To make this concrete, here is a tiny factory that bakes these choices into names. Drop it in a util package and stop guessing each time.
public final class Collections2 {
private Collections2() {}
public static <E> List<E> fastList() {
return new ArrayList<E>();
}
public static <E> Deque<E> deque() {
return new LinkedList<E>();
}
public static <K,V> Map<K,V> fastMap() {
return new HashMap<K,V>();
}
public static <K,V> Map<K,V> insertionOrderMap() {
return new LinkedHashMap<K,V>();
}
public static <K,V> Map<K,V> sortedMap(Comparator<K> cmp) {
return new TreeMap<K,V>(cmp);
}
public static <K,V> ConcurrentMap<K,V> concurrentMap() {
return new ConcurrentHashMap<K,V>();
}
public static <K,V> Map<K,V> lruCache(final int maxEntries) {
return Collections.synchronizedMap(
new LinkedHashMap<K,V>(16, 0.75f, true) {
protected boolean removeEldestEntry(Map.Entry<K,V> eldest) {
return size() > maxEntries;
}
}
);
}
}On Monday, try this:
- Scan your code for LinkedList. If you use it as a random access list, switch to ArrayList.

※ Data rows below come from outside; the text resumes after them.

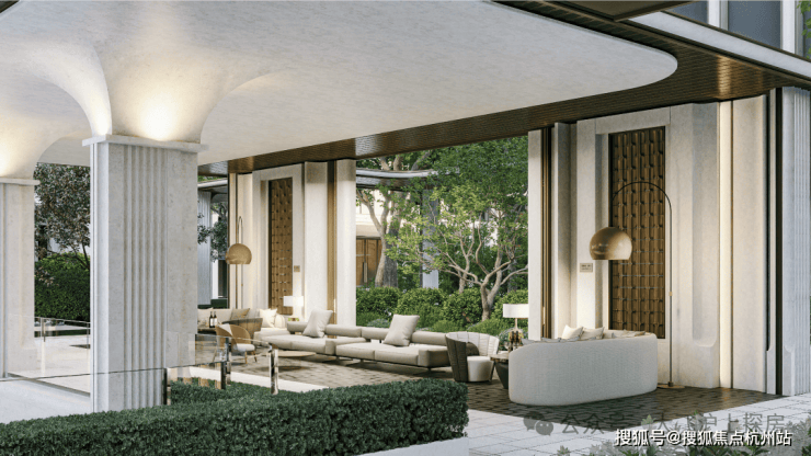 转角处创新使用 2.4米×3.6米超大弧形落地玻璃 ,既柔化建筑轮廓,亦最大化引入江景与城市视野。立面设计与黄浦江波光呼应,成为滨江天际线的视觉地标。
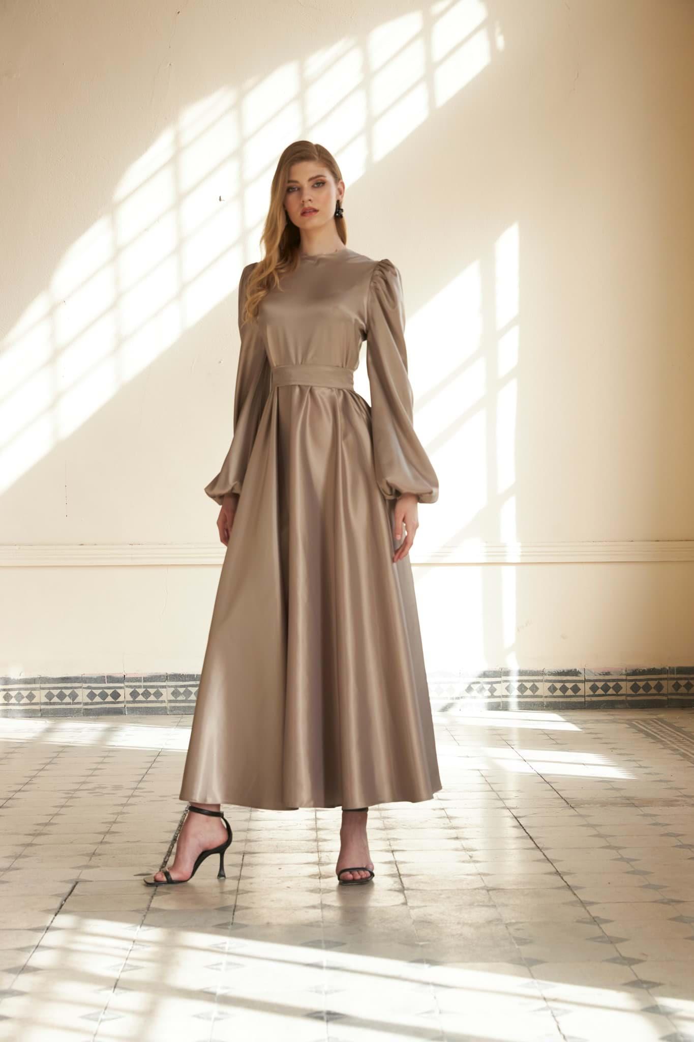 Kuğu özel elbise dökümlü saten kumaş boy 140 cm tam kalıptır 36 44 beden aralığı bedenler mevcut beli lastikli seyyar kuşaklı
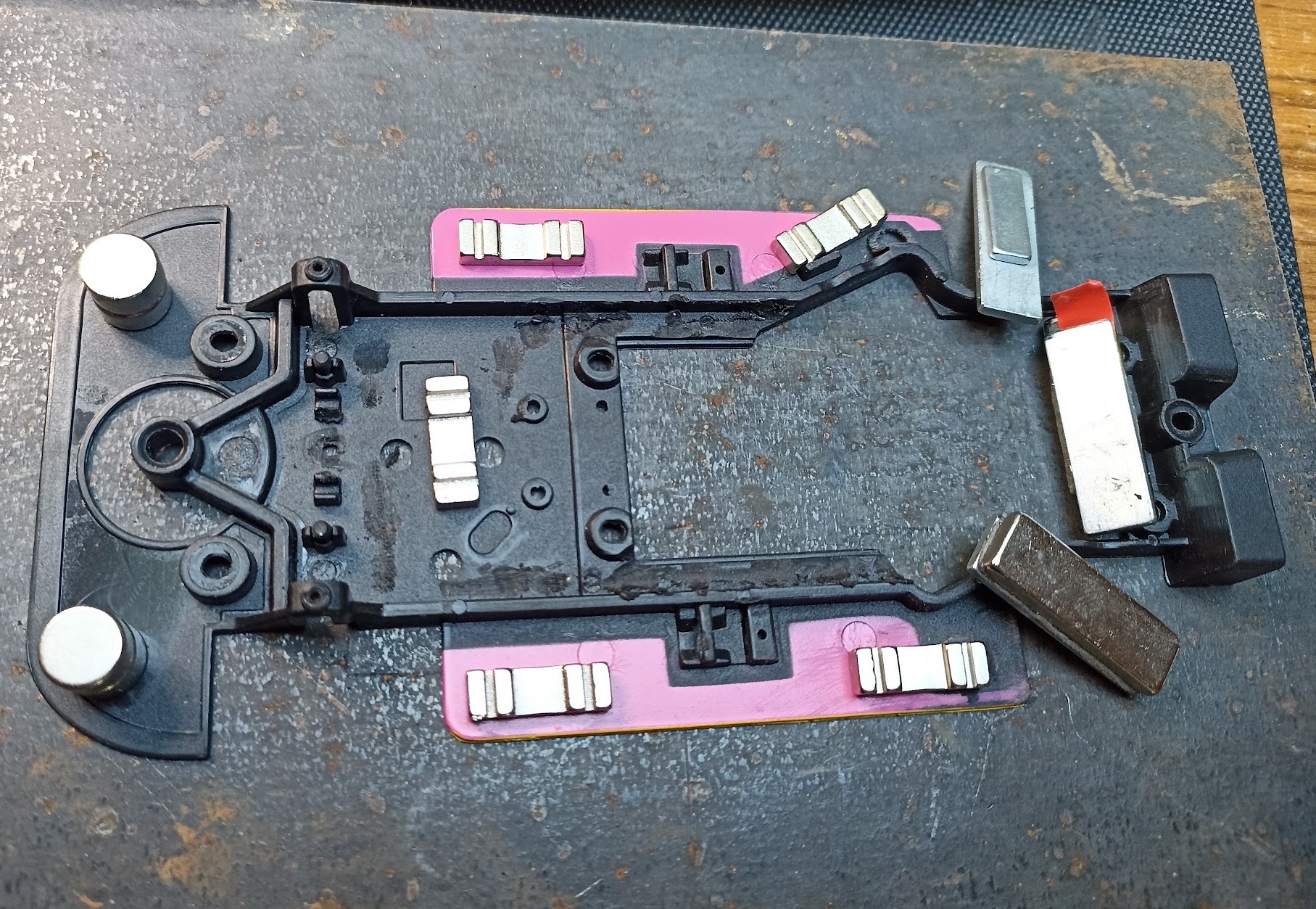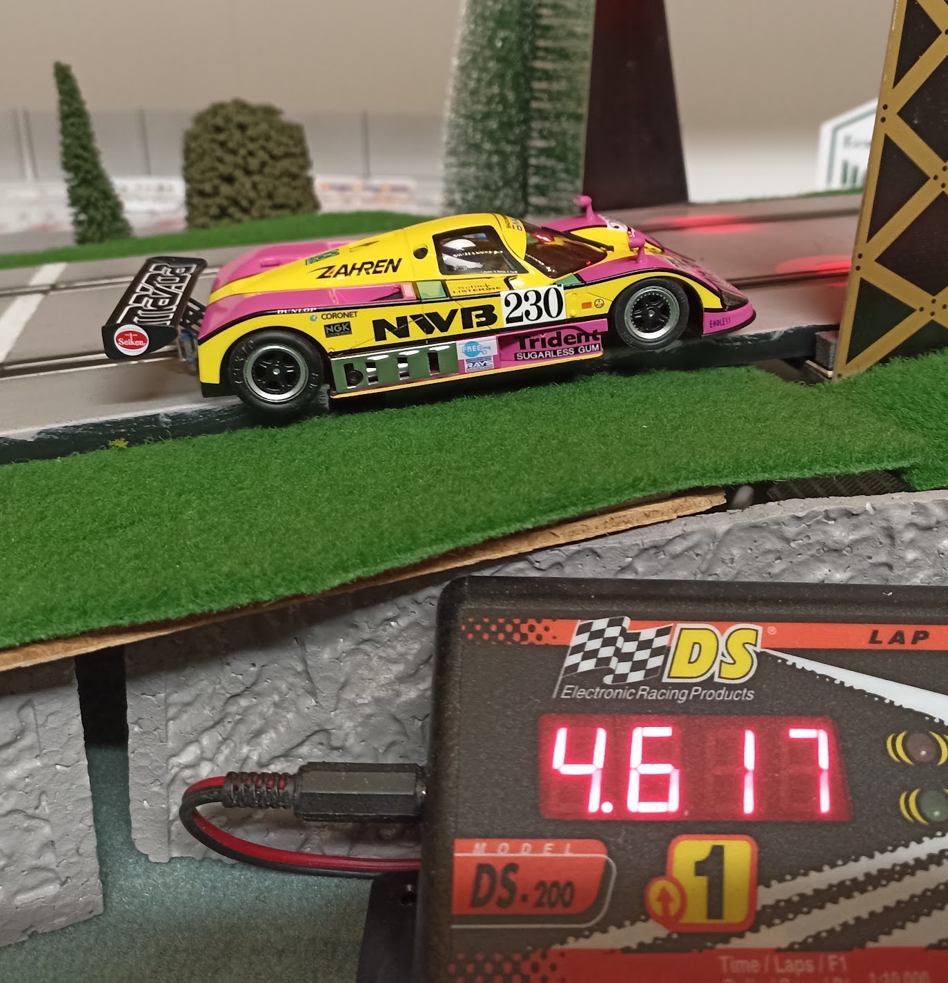 Cette fois je n’ai pas été convaincu par les pneus Slot.It P6B. Les chronos restaient assez moyens et la voiture avait un comportement douteux.
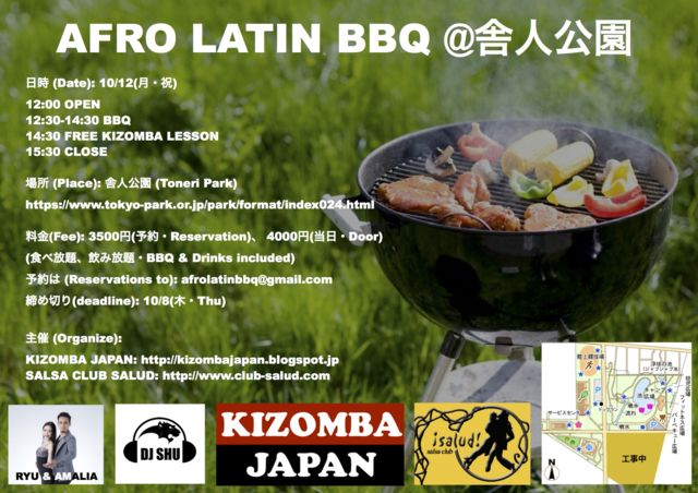 Afro Latin BBQ @舎人公園BBQ広場 食欲の秋真っ只中、Afro Latinダンスを楽しみながら、バーベキューしませんか? 飲み放題、食べ放題にKizomba無料ミニレッスンも付いています! DJ TimeはKizomba, Bachata, Salsa & More。 肉食ダンサーの皆さん、ご参加お待ちしてます!! ◆日時:10月12日(月・祝)12:00-15:30 ◆場所:舎人公園BBQ広場( サルーの旗が目印です) 日暮里舎人ライナー『舎人公園駅』から徒歩3分 https://www.tokyo-park.or.jp/park/format/index024.html ◆ 料金: 予約: 3500円(食べ放題&飲み放題付)
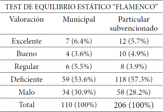 Existen diferencias en el nivel de equilibrio estático en alumnos de 1º y 2º básico por tipo de Establecimiento Educacional, se aprecia al realizar la sumatoria de las categorías (excelente, bueno y regular), en donde los niños establecimientos municipales presentan a un 15.5%, en cambio los particulares subvencionados presenta un 14.5%. Por otra parte al realizar la sumatoria de las dos categorías restantes (deficiente y malo) se aprecia que los niños de establecimientos municipales presentan a un 84.5%, en cambio los particulares subvencionados presentan un 85.5% de ellos.

- Find any shared HashMap across threads. Replace with ConcurrentHashMap or guard it properly.
- If you manually maintain order while using HashMap, check if LinkedHashMap or TreeMap would simplify the code.
- Add initial capacities when you know sizes. That avoids growth copies in ArrayList and rehash in HashMap.
The Java Collections Framework gives you the right tools. The hard part is picking with intent. Start with a clear question. What am I storing. How do I read it. Do I care about order. Who touches it at the same time. Match that to a list or a map with the right shape. Your code gets simpler, the heap stays calmer, and your graphs will thank you.
Timeless lesson: default to ArrayList and HashMap, reach for LinkedHashMap when you want order, choose TreeMap when you need sorted keys, and bring in ConcurrentHashMap when threads enter the room.